Mr. Popper's Penguins

 

20th Century Fox

 

Rating: PG

 

Reason for the Rating: Mild rude humor and some language.

 

Plot Summary: A successful businessman's life is turned upside-down when he receives six penguins in the mail

 

PopFam Recommends: Take time out for your and yours to enjoy a light-hearted movie that explores the importance of family.

 

Jim Carrey is funny, no question about it. Liar, Liar is probably one of my favorite movies, because of Jim Carrey and his knack for improv. But, if you're going to see Mr. Popper's Penguins because of Jim Carrey and his humor, don't. You'll only be disappointed.

 

That's not to say it's not a movie worth seeing, because it is. But, if you've seen the trailers and commercials, you've already seen most of the funny stuff, like penguins flying through the Guggenheim or pooping on Jim Carrey's head. Which of course, kids think is funny no matter how many times they've seen it.

 

Mr. Popper (Jim Carrey) grew up with an adventurous father. Unfortunately, his adventures took him away from home and he was absent for much of Mr. Popper's life. Now divorced and a successful, fast-talking businessman, Mr. Popper is carrying on the tradition. Although he lives in the same city as his children, Janie (Madeline Carroll) and Billy (Maxwell Perry Cotton), he's not someone they want to spend time with. He’s there, but he’s boring. Business and success are simply more important. That is, until Captain arrives. Captain is a penguin, sent as a last "souvenir" from his father's travels. From the moment he arrives, this souvenir begins to unravel Mr. Popper's business life, but mend his relationships.

 

Mr. Popper isn't wanting his life unraveled though.
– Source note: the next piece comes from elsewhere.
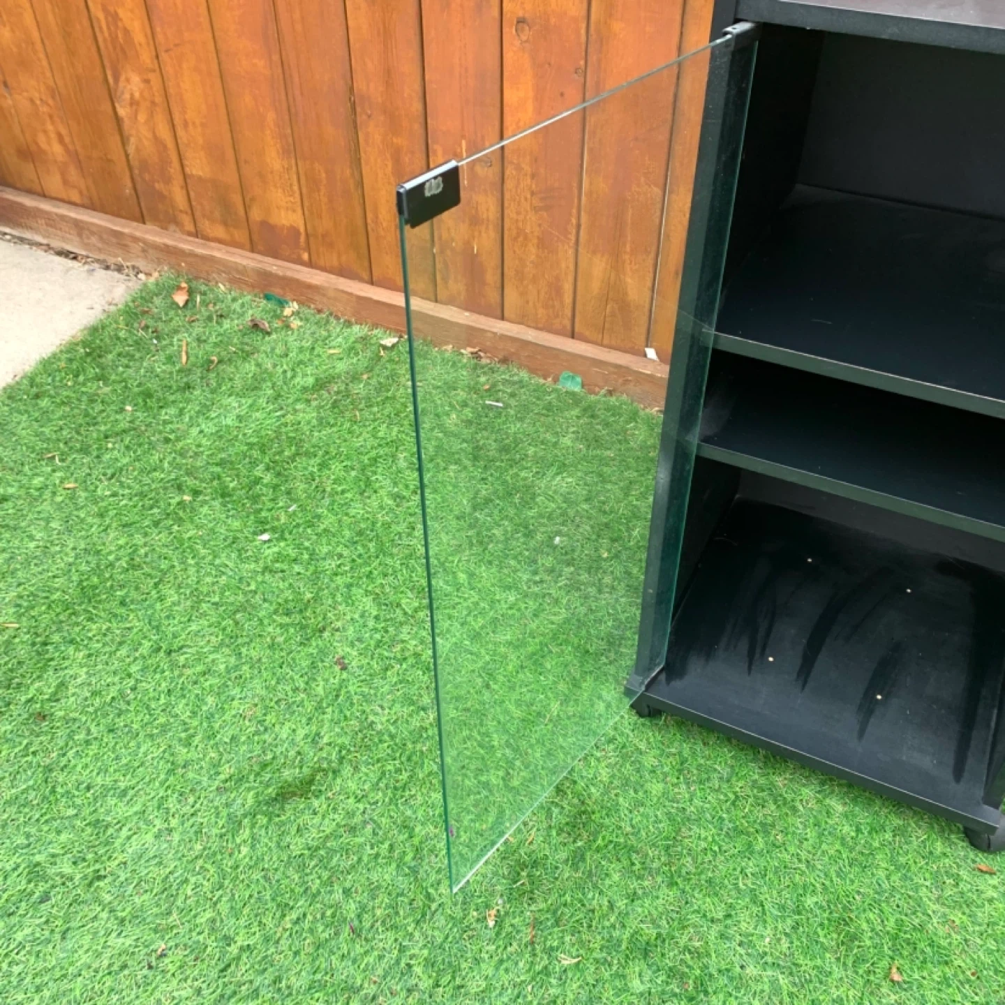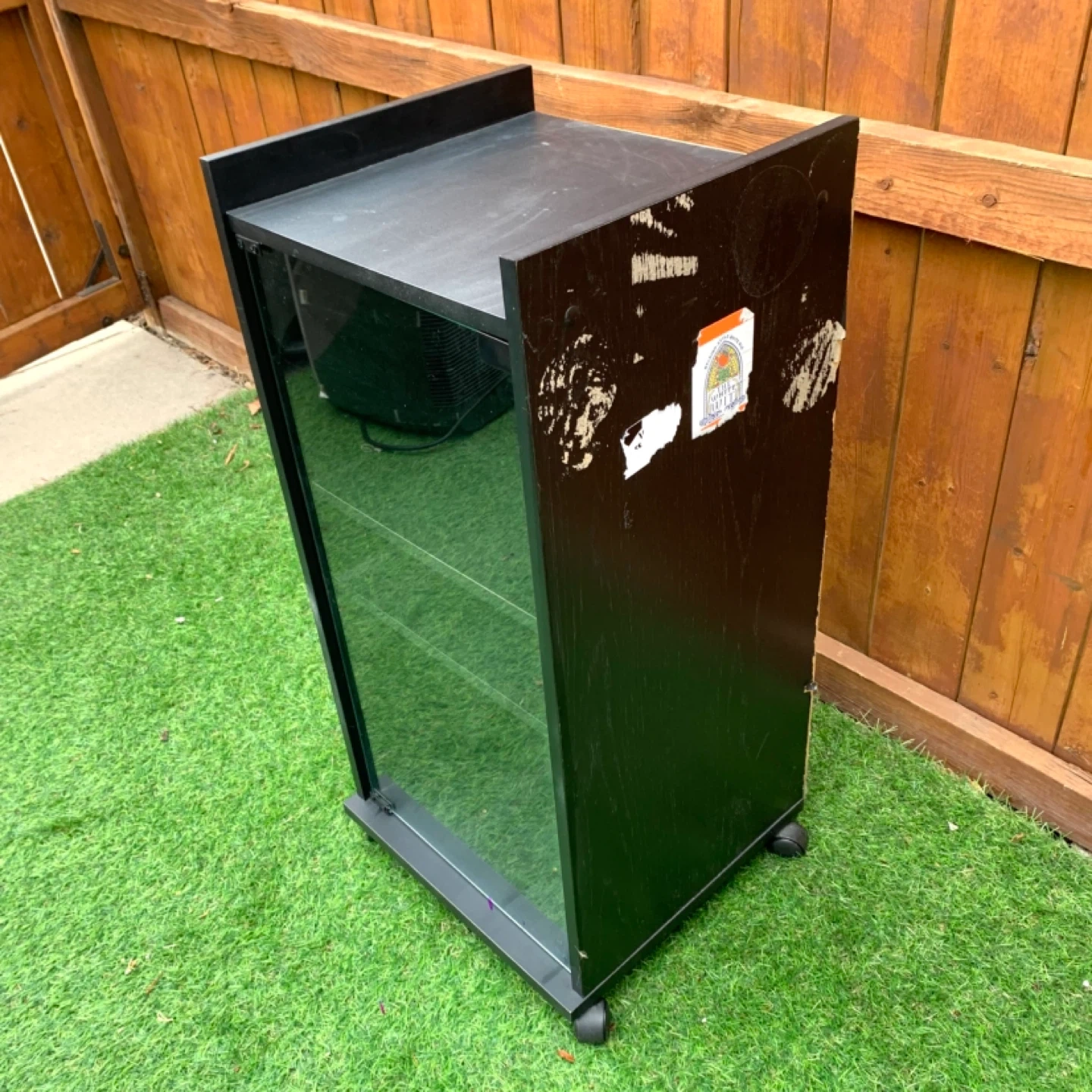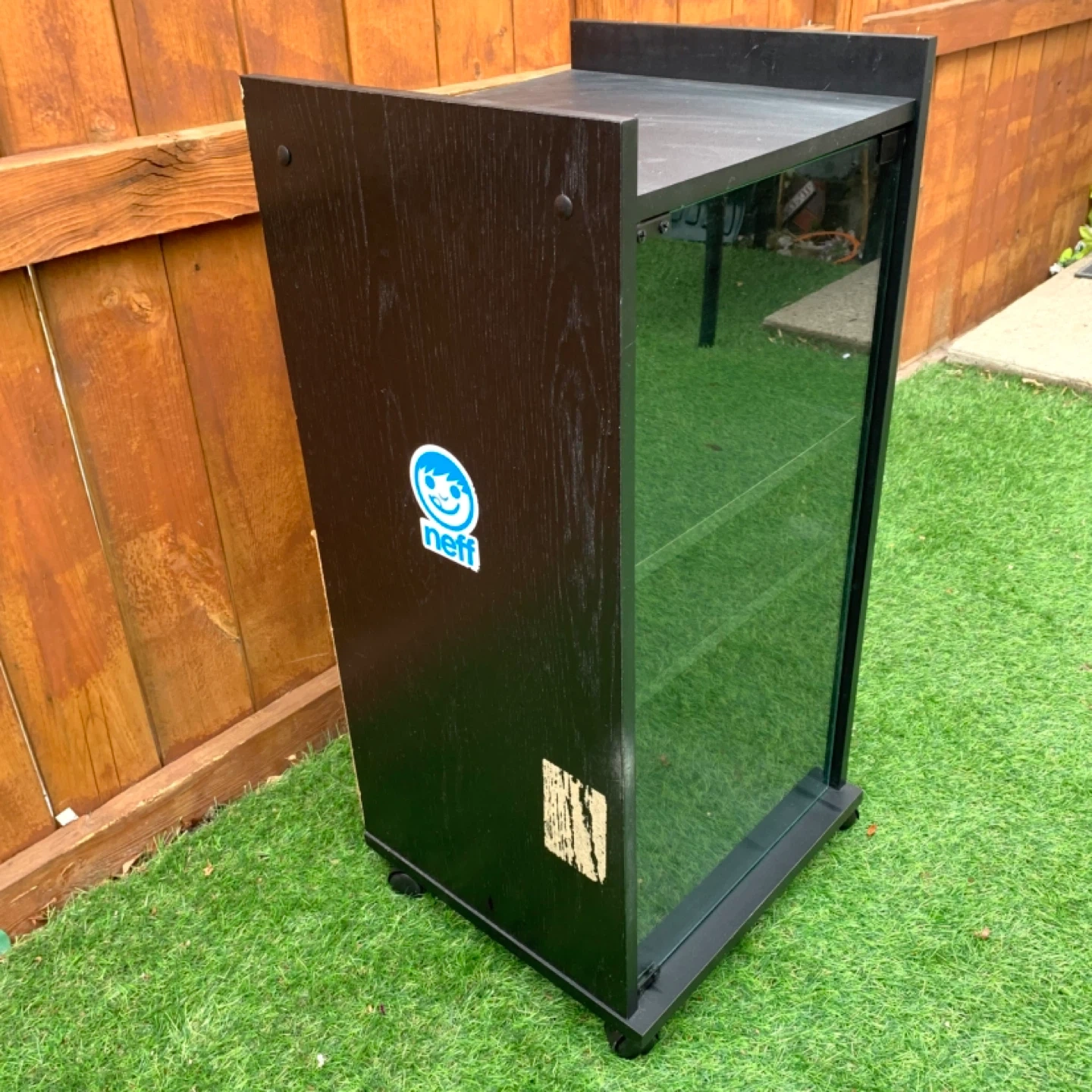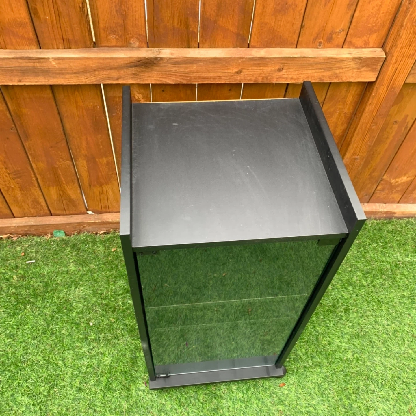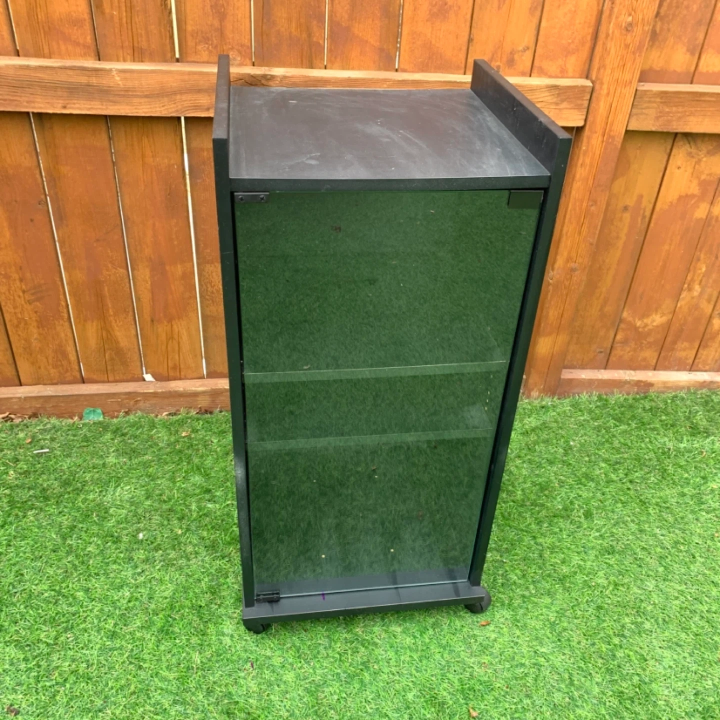Black display cabinet glass door with shelves perfect for displaying collectibles, decor, or small items in living room, bedroom, or office. Compact storage unit with two shelves and wheels for easy movement, making it practical and versatile for small spaces. Note: stickers removed have affected paint on the sides but overall still functional and great for use.

So as anyone would do, he attempts to send Captain back, but ends up receiving five additional penguins, each with their own distinct personalities (Loudy, Stinky, Lovey, Bitey, Captain, and Nimrod. Pretty self-explanitory). When Nat Jones (Clark Gregg), a zoo official, finds out Mr. Popper has six Gentoo penguins, he is determined to gain control of them. Which is fine with Mr. Popper, until he realizes how much his kids love them. Seeing his family happy is worth the inconvenience of living with six penguins. And inconvenient it most certainly is. Penguins live in snow, so Mr. Popper opens all the doors and windows, and turns his home into an Arctic playland. He hires a babysitter to watch the penguins while he’s working. He bribes the apartment security to turn a blind eye to the penguins. And he must decide if the penguins are worth his job.

 

Which is one of the reasons this movie is appealing. The themes portrayed are relevant to any family. Communication, balance, and love of family are important to any kind of family in any kind of situation, and while the story is wacky the message is certainly not. No, Mr. Popper’s Penguins isn’t the funniest movie out there, but it is an endearing and entertaining family movie. It truly reminds me of those old Disney movies like the original Shaggy Dog and Benji--family-friendly stories with a great message. Family is important, as is balance in life. Family, work, fun, and responsibility are all aspects of life that should work together to make a whole, and when one is out of whack, everything is just harder.

 

Should you take your family to see Mr. Popper and his penguins? In the words of Mr. Popper himself, “Yeabsolutely!”

 

Special features on the DVD for Mr. Popper's Penguins include: "Nimrod and Stinky's Antarctic Adventure," "Ladies and Gentoomen," "Ready for their Closeup," Deleted Scenes, and a Gag Reel.

 

Let’s Talk About It

Use these questions to spark discussion among family members who are interested in this movie:

 

• Mr. Popper always said, “Yeabsolutely!” What would your family say is something you say?

 

• Captain finally got her chance to fly away from the zoo. What is something you would like to do, but don’t feel you have what it takes?

 

• Who is the most important person in your life? How do you demonstrate this?

 

--JW

 

Note: All product-related graphics in this article are standard publicity/promotional shots and are owned by their respective publisher.